Based on computer information technology, we have developed and iteratively optimized a mobile intelligent cognitive training application that can be applied to different rehabilitation settings and put into hospitals, communities, homes, and nursing homes for effectiveness studies. This application not only has the advantage of self-adaptive adjustment of training difficulty but also can break through the limitation of time and space, extending cognitive rehabilitation from the hospital to different rehabilitation settings outside the hospital, which is conducive to the continuity of rehabilitation treatment for PSCI patients. Mobile Intelligent Cognitive Training (MICT) is a new type of cognitive intervention with a background in cognitive neuroscience and rehabilitation medicine. Notably, it adopts the information processing theory and provides online training with the help of an internet platform [15]. Based on the theory of cognitive reserve [16] and central nervous system plasticity [17], MICT intervention can activate the release of the patient’s original cognitive reserve or establish new neural circuits through repeated cognitive task stimulation, improve the efficiency of neural synapses, and promote the reconstruction of the cerebral cortex to improve cognitive impairment.

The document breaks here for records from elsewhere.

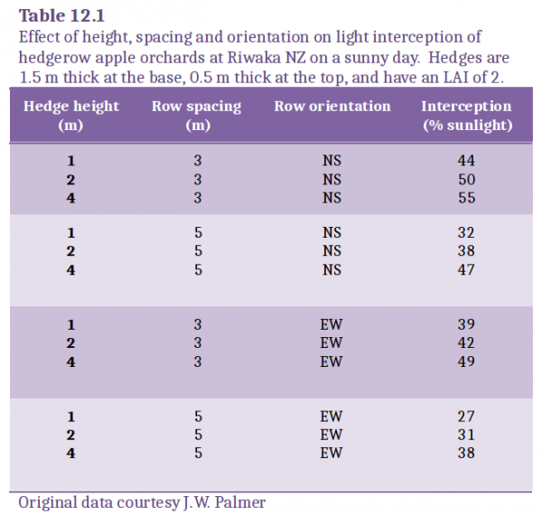 Light interception of horticultural crops can be altered by changing spacing, tree height, tree shape and/or row orientation. An illustration of this is given in Table 12.1 using a simulation model of light interception (Palmer 1989). The model calculated light interception over a whole day and allowed for change in incident radiation, sun angle (both elevation and azimuth) and sky light. The model was used to calculate light interception under sunny conditions by apple trees arranged in continuous rows, of truncated conical cross-section, in midsummer at Riwaka, Nelson, New Zealand. For a constant LAI, light interception increased by increasing hedge height, closer row spacings and planting in a north–south rather than an east–west orientation (Table 12.1). Light interception varied by a factor of two, from 27% by short wide-spaced hedges in east–west (EW) rows to 55% by tall close spacings in north–south (NS) rows. Differences due to row orientation will be smaller in cloudy regions where more of the incoming light is diffuse.
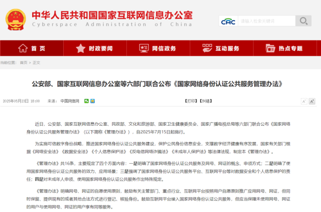 根据六部门联合公布的《国家网络身份认证公共服务管理办法》,国家网络身份认证公共服务平台将于2025年7月15日起正式实施,通过"网号+网证"双轨机制构建可信数字身份体系,实现公民身份信息"可用不可见"的安全目标。
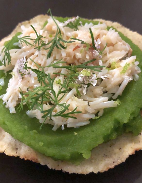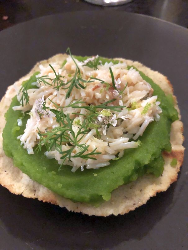 4-Homemade crackers, puree of fresh peas, crab meat
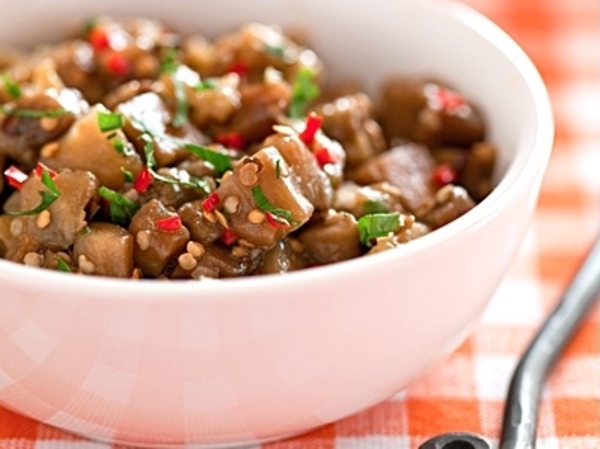 В рецепте указаны базовые ингредиенты, но можно добавлять то, что нравится. Например, приготовить баклажаны с соевым соусом вместо соли, добавить сладкий соус чили или тхину (тахини) и посыпать семенами кунжута при подаче. Можно добавить свежий или запеченный сладкий перец, чили, помидоры и т. д. Очень вкусно с хлебом, криспами, баклажаны можно завернуть в тонкий лаваш или подать на свежих помидорах.
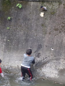 水のかけあいに圧倒された子たちは、喧騒から逃れて壁登り。
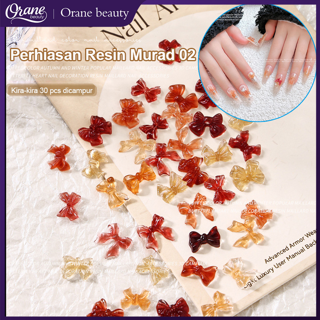 30 pcs Fashion Kawaii Musim Gugur Maillard Nail Art Pesona Dekorasi Kuku Busur Hati Resin Kopi Coklat Dekorasi Kuku Bunga Busur Hati Aksesori Akrilik DIY
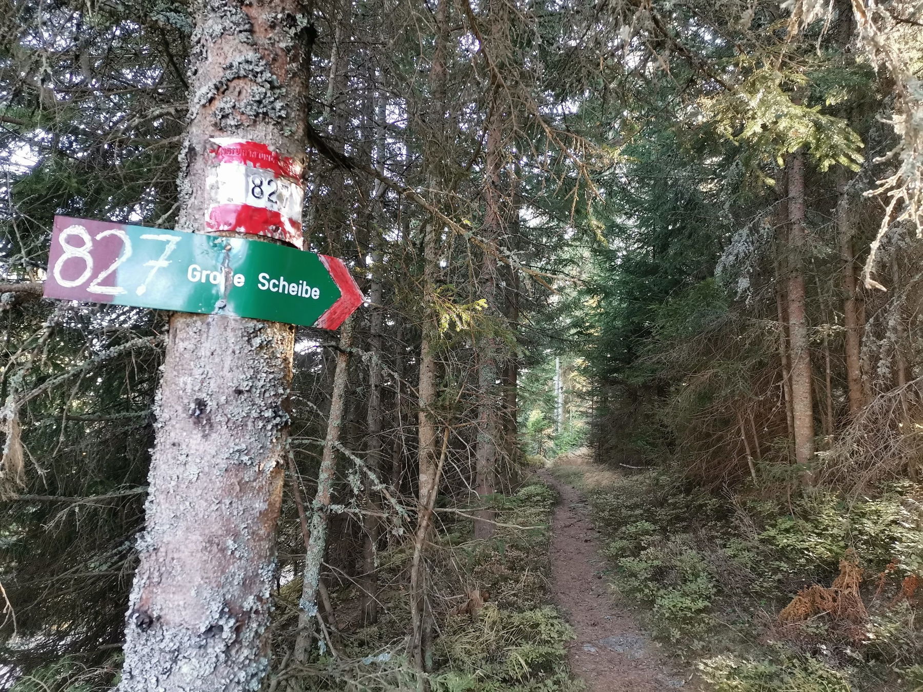 Am Weg zum Beeralplkopf entdecke ich auch eine Abzweigung nach Raxen hinunter. Aber da gibt es überhaupt keinen Bus, also lieber weiter zur Großen Scheibe und gleichnamigen Hütte.

The study aims to explore the short- and long-term effects of MICT intervention on PSCI and whether there are efficacy differences in cognitive interventions in different rehabilitation settings (hospital versus community versus home versus nursing home).
METHODS
Study design
This study was a multicenter, prospective, open-label, blinded endpoint, cluster-randomized controlled trial (RCT) in which all participants provided written informed consent. The study was approved by the Medical Ethics Committee of the China Rehabilitation Research Center (2020-082-1) and registered in the China Clinical Trials Registry Register (ChiCTR2000040598). The study adhered to the CONSORT guidelines for reporting randomized trials.
Participants
Participants with PSCI were recruited from four different rehabilitation settings: hospital, community, home, and nursing home between March 1, 2021, and December 1, 2023. The patients’ screening, randomization, allocation, and completion are shown in Fig. 1.

Flow diagram of the study population. MICT, mobile intelligent cognitive therapy; mITT, modified intention-to-treat.
Inclusion criteria were as follows: 1) meeting the diagnostic criteria for stroke [18, 19] and confirmed by computed tomography (CT) or magnetic resonance imaging (MRI); 2) stroke duration of 1 month or more and stable vital signs; 3) age 45 years and older, gender not limited; 4) mild or moderate cognitive impairment (Montreal Cognitive Assessment (MoCA) score < 26 or Mini-Mental State Examination (MMSE) score < 27 and MMSE score ≥10) [20, 21]; 5) can cooperate with the completion of relevant assessments and treatments; and 6) signed informed consent.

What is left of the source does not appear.